DOI: 10.3923/jas.2009.931.937



The importance of providing power with steady voltage and frequency has been recognized since the inception of the Electric Supply Industry (ESI). As ESI proliferates along with the introduction of power system deregulation, electronic and information technology equipment in a wide range of systems and unpredictable climate changes, it is almost impossible to avoid power system disturbances. Over the past few years, voltage sags have emerged as the most serious power quality problem, especially in the context of the Malaysian distribution systems. Voltage sag is a sudden decrease in voltage amplitude followed by a return to its initial level after a short time (Barros and Diego, 2002). Sags are caused by network faults, switching actions such as large motor starting, transformer energizing, capacitor bank connection etc.

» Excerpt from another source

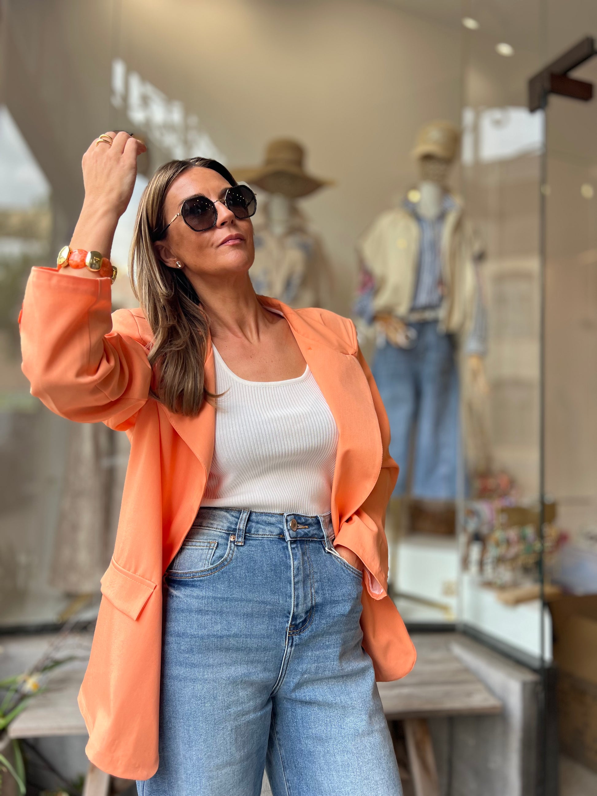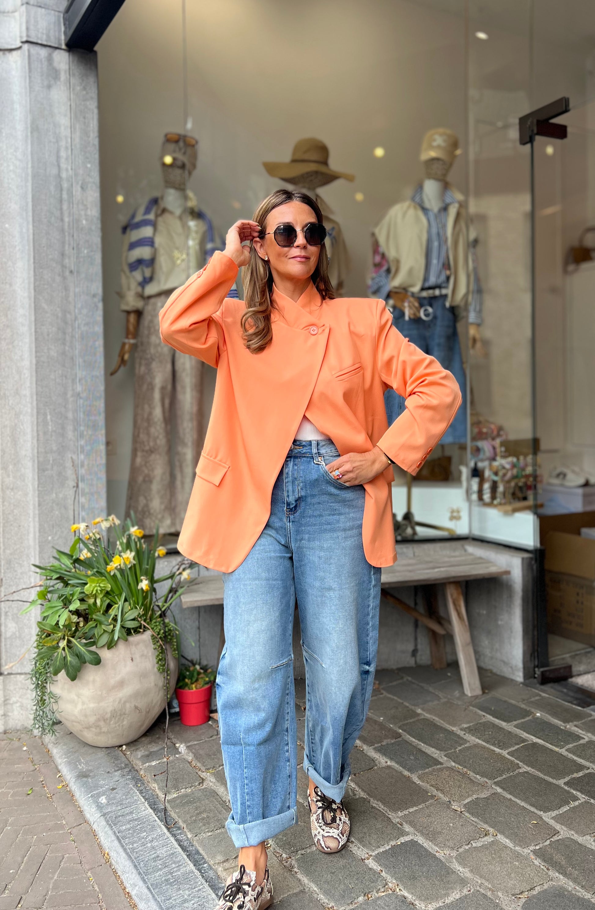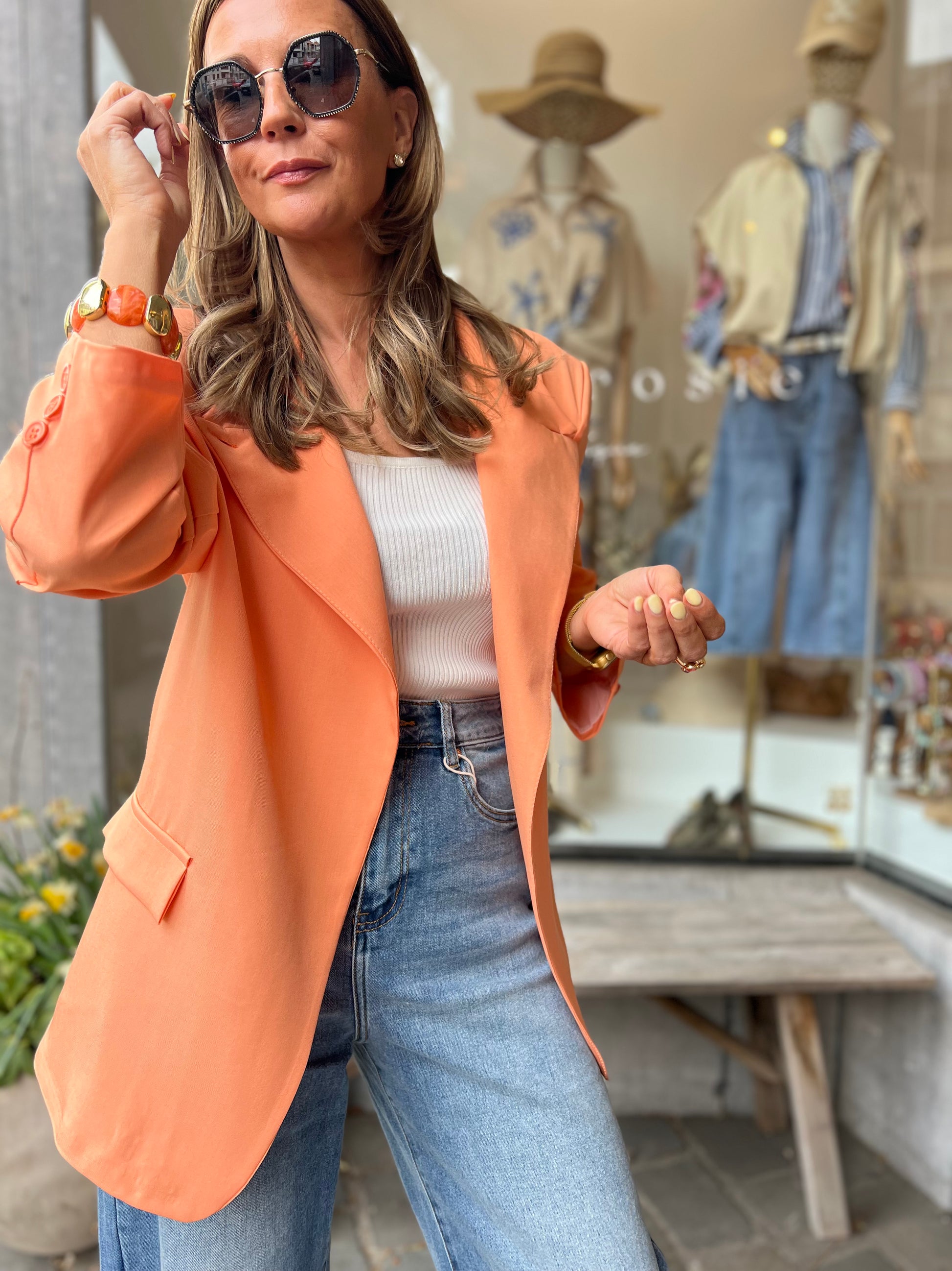 Zalmoranje blazer, helemaal trendy met de schuine knoop bovenaan of draag deze op de klassieke way en draai het kraagje om.

These incidents that initiate voltage sags can disrupt or damage sensitive equipments such as personal computers (PCs).

Personal computers first appeared in the late 1970s. The principal characteristics of PCs are that they are single-user systems and based on microprocessor technology. However, although PCs are designed as single-user systems, it is common to link them together to form a network. Through networking and interfacing it is used widely for on-line communication, continuous process control applications etc. The malfunction of PCs incorporated in on-line or even off-line systems can cost substantially, because there are losses associated to the computer controlled systems and process (Djokic et al., 2005).

Sensitivity of PCs to voltage sags can be defined as the conditions where the PCs start to malfunction and cause nuisance, loss of data or process interruption due to voltage sag appearing in the mains supply where it is connected. Studies for assessing sensitivity of voltage sags on customer loads are gradually increasing. These efforts are primarily divided into practical and theoretical approaches. The practical approaches investigate the effects of voltage sag by monitoring, conducting experiments on customers’ sensitive loads and performing pertinent surveys (Bollen, 2000).

Current standards related to the testing of the equipment sensitivity to voltage sags and short interruptions suggest that the tests should be performed preferably at 0° point on wave of the voltage waveform (Djokic et al., 2005). Testing of the equipment for additional angles is necessary only if they are considered critical by product committees or individual product specifications. If so, a range from 0 to 360° in steps of 45° is optional for such additional testing (Bok et al., 2008; Djokic et al., 2005). Typically, sags include 80% remaining voltage for 1 sec; 70% remaining voltage for 0.5 sec and 40% (or 50%) remaining voltage of 0.2 sec.

Equipment sensitivity to voltage sag can also be considered and presented in the form of power acceptability curves which are also known as voltage vulnerability or sensitivity curves.

Fig. 1: ITIC (CBEMA) curve

One of these curves is the Computer Business Equipment Manufacturers Association (CBEMA) curve (Kyei et al., 2002). Since, CBEMA is now defunct, the Information Technology Industry Council (ITIC) has taken its place with major modification to its original curves as depicted in Fig. 1. Even with the new look, an ITIC (CBEMA)-type criteria has some important limitations. It is not in itself sufficient criteria for typical office systems (Institute of Electrical and Electronics Engineers Inc., 2005).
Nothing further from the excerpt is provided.